Two seemingly unrelated events happened in recent weeks that, because of their juxtaposition with our current reckoning with national identity, soldered together in me a simple realization: whether or not it is entered voluntarily, our system of care for mental health and addictions is wholly inadequate. Rather than spend resources on forcing people into a weak system, we should instead focus on strengthening the system.
The first event was the introduction of Bill 53, the Compassionate Intervention Act, to the Alberta legislature last month.
The second was an incident I witnessed just outside Calgary’s Foothills Medical Centre. I saw someone in crisis who, in my opinion as a community-based doctor whose practice serves people affected by exclusion, disenfranchisement and homelessness, required medical care. But police were the first responders.
Alberta’s Compassionate Intervention Act changes the law so not only doctors and judges, but also police and bylaw officers can initiate involuntary treatment for a person at risk of harm to themselves or others.
Under existing legislation through Alberta’s Mental Health Act, it must be shown that a person lacks capacity to make their own health-care decisions at the time of assessment. In contrast, the new Compassionate Intervention Act allows for the detainment of individuals whose faculties may be intact but who have a history of, in the officer’s opinion, dubious judgment.
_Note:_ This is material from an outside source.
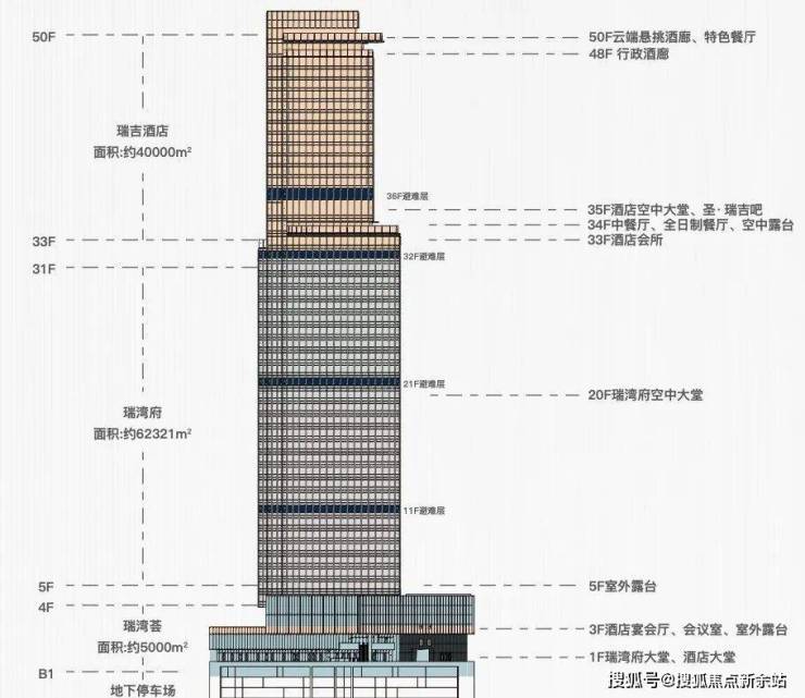 项目总占地约7700㎡,建筑面积约10.7万㎡,其中包含了约4万㎡瑞吉酒店、6.2万㎡企业会馆瑞湾府以及5000㎡瑞湾荟商业,是一个集企业会馆、五星级奢华酒店、精致商业于一体的垂直综合体。
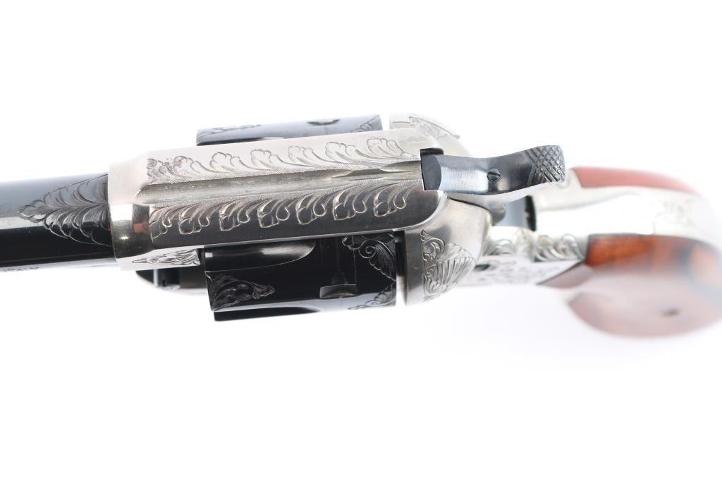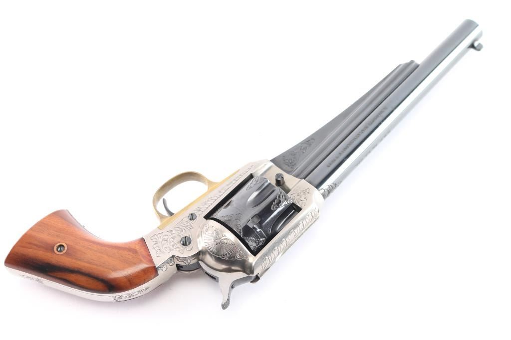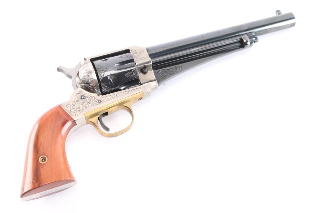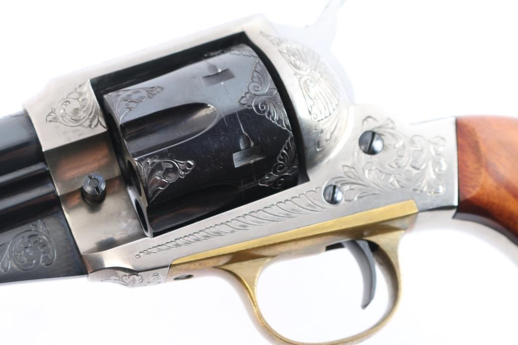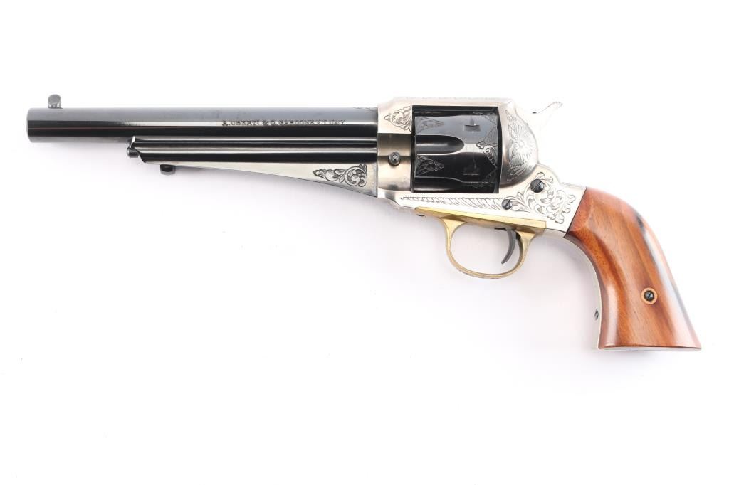 Italian made reproduction of the Remington 1875 Single Action Army revolver, chambered in .357 Magnum, manufactured in Italy by Uberti. Imported by Early Modern Firearms Co. (E.M.F.) of Los Angeles, CA with the import markings on top of the barrel. Pistol features a 7-1/2" round barrel, fixed post/blade front sight, square notched frame rear sight, smooth curved wide trigger, two-toned hammer with firing pin on nose, checkered hammer spur, fluted six-round cylinder, ejector rod with webbed housing, and two-piece vanished smooth wood grips. Revolver presents a blued barrel, trigger, cylinder, portions of the hammer, and the frame and grip straps have a nickel finish. All of the metal parts except for the hammer and trigger have limited coverage of floral scrolls. Revolver exhibits approximately 96% of it's original blued finish with scattered light scratches, scratches on the ejector rod, and a light drag lines on the cylinder. The nickel finish on the frame is excellent with only superficial scratches. Metal displays no rust or deformation. Action is smooth and crisp with a very good lock-up. The wood grips are excellent with a small blemish on the bottom of the right grip panel, and a very light dent on the bottom of the left grip panel. The bore is bright with strong rifling, and the cylinder chambers are also excellent. Although, the pistol needs to be cleaned.

To illustrate: as a physician, I can currently request that a person who is presenting a risk to themselves or others be taken — even forcibly — to hospital for assessment only if they are unable to make that decision for themselves at the time.
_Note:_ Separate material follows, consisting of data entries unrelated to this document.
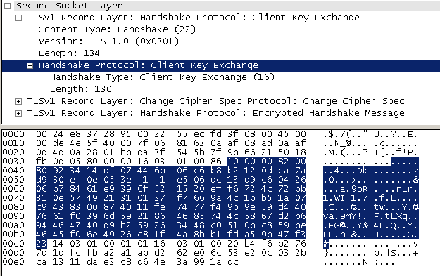client拿到server的certificate后,就可以开始利用certificate里的public key进行session key的交换了。从图中可以看出,client发送的是130字节的字节流,显然是加过密的。client随机生成48字节的Pre-master secret,padding后用public key加密就得到这130字节的数据发送给server,server解密也能得到Pre-master secret。双方使用pre-master secret, "master secret"常量字节流,前期交换的server端RN和client的RN作为参数,使用一个伪随机函数PRF,其实就是hash之后再hash,最后得到48字节的master secret。master secret再与"key expansion"常量,双方RN经过伪随机函数运算得到key_block,PRF伪随机函数可以可以仿佛循环输出数据,因此我们想得到多少字节都可以,就如Random伪随机函数,给它一个种子,后续用hash计算能得到无数个随机数,如果每次种子相同,得到的序列是一样的,但是这里的输入时48字节的master secret,2个28字节的RN和一个字符串常量,碰撞的可能性是很小的。得到key block后,算法,就从中取出session key,IV(对称算法中使用的初始化向量)等。client和server使用的session key是不一样的,但只要双方都知道对方使用的是什么就行了。这里会取出4个:client/server加密正文的key,client/server计算handshake数据hash的key。
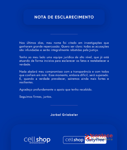 Após noticiado na imprensa sobre a decretação de prisão pela Vara Estadual de Organizações Criminosas da Comarca da Capital de Santa Catarina do empresário Jorbel Griebeler. A página da CELLSHOP, uma das empresas de Jorbel, emitiu uma nota oficial falando sobre o caso.
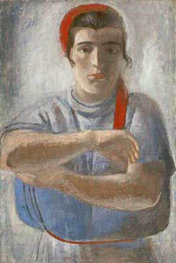 А. Самохвалов. Комсомолка. Работница, засучивающая рукава. 1929
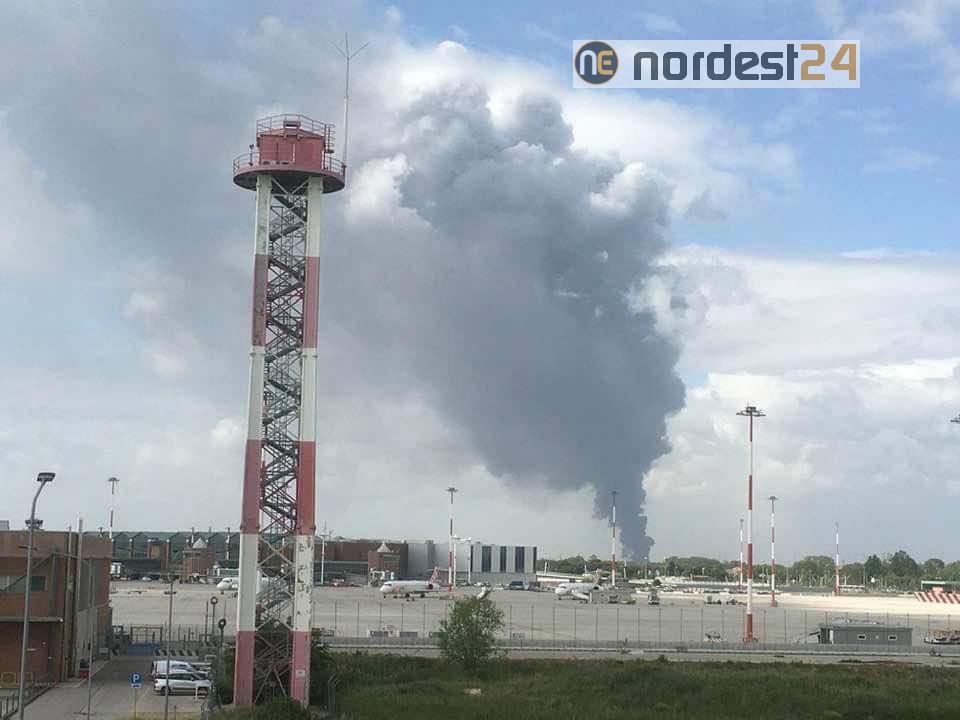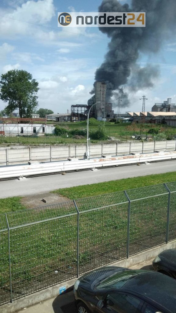 Un’altissima colonna di fumo visibile a chilometri di distanza si è alzata stamane da Marghera.
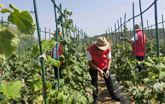 在北翼采煤沉陷區(qū)立體式生態(tài)重建示范基地,放眼望去,黃瓜、豆角、西葫蘆、油菜、西瓜、甜瓜等二十幾種應(yīng)季果蔬長(zhǎng)勢(shì)喜人,沉甸甸的果實(shí)掛滿藤蔓。一塊塊規(guī)規(guī)整整、成框連片的梯田層次分明。工作人員奔忙在田埂水渠,構(gòu)筑成了一幅極具煙火氣息的絕美畫面。站在瞭望臺(tái)俯瞰,滿眼一片生機(jī)盎然,仿佛為陜北地區(qū)黃土溝壑建立起了一道綠色屏障。遙望這一切,誰(shuí)能想到如今的良田美景,曾經(jīng)卻是個(gè)雜草叢生的荒山。

Contrast that already ethically fraught, and sometimes violent, scenario with granting any junior peace officer the right to apprehend a perfectly cogent person for no other reason than, say, they jumped off a neighbour’s roof while inebriated last year.
For youth to be detained, the threshold is even lower, as minors are presumed to lack capacity to make their own health-care decisions.
Supports first, not policing
Driving my child to sports practice on a recent quiet Sunday morning, we passed the massive but aging complex that is Calgary’s Foothills hospital. On the corner, we saw a person who appeared very disorganized, his backpack’s contents strewn about while he paced nearby, quietly speaking to nobody.
Having worked in community mental health for 15 years, I recognized the hallmarks of psychosis.
After dropping my child off a few blocks away, I circled back. The gent was still there, now lying in a ball on the sidewalk. He seemed to have been overwhelmed by the task of gathering his belongings. I turned into the hospital parking lot. Walking from my car towards the crumpled man, first-aid kit in hand, I saw a police cruiser mount the curb and park on the grass.
In less than the minute it took me to cross the parking lot, another two cars pulled up, lights flashing, sirens on.
As six officers hopped out of three shiny new SUVs to survey the scene where the man lay, still and now silent, a scenario common to my clinical practice unspooled in my imagination: the mental health of a patient with a “community treatment order,” whom I know well, deteriorates. This can happen for many reasons. In my experience, destabilization of housing; lack of food, water or sleep; a change in medications, relationships, other health conditions or the weather; cultural disconnection; or simply disease progression can all contribute.
When I — or a case manager who knows the person even better than I — observe escalating risk, I can request that the patient be conveyed to a health-care facility for assessment and treatment. This whole process can take a couple of hours and involves several phone calls, legal forms, conversations and explanations.
After the police take the patient away, I worry — about their welfare, our therapeutic alliance and whether I did the right thing.
Later, I’ll check to ensure they’ve been admitted to hospital. Too often, I’ll learn they’ve already been discharged from our severely strained system.
One of my patients could very well be in the situation facing the man lying atop a heap of old clothes and dirty blankets that Sunday morning, encircled by six law enforcement officers and less than a block from the tertiary care hospital’s front door.
Can these scenarios be prevented? I believe they can, by investing in supportive housing and accessible-to-everyone, non-profit health care that includes on-demand access to — ahem, why not start with voluntary — mental health and addictions supports.
How should such a social safety net be funded? Having increasingly observed people tumble and fall through collapsed health and social care systems only to be surrounded by the police’s sidewalk squad, to me the answer is clear: slow the cash flow to law enforcement, reject wasteful and ineffective involuntary care, and reclaim simply caring, as we do in Canada, for each other.
People with mental illness do not need additional punishment.
What we all need is to demand that government redirect taxpayers’ resources toward health and housing — away from any expansion of involuntary care.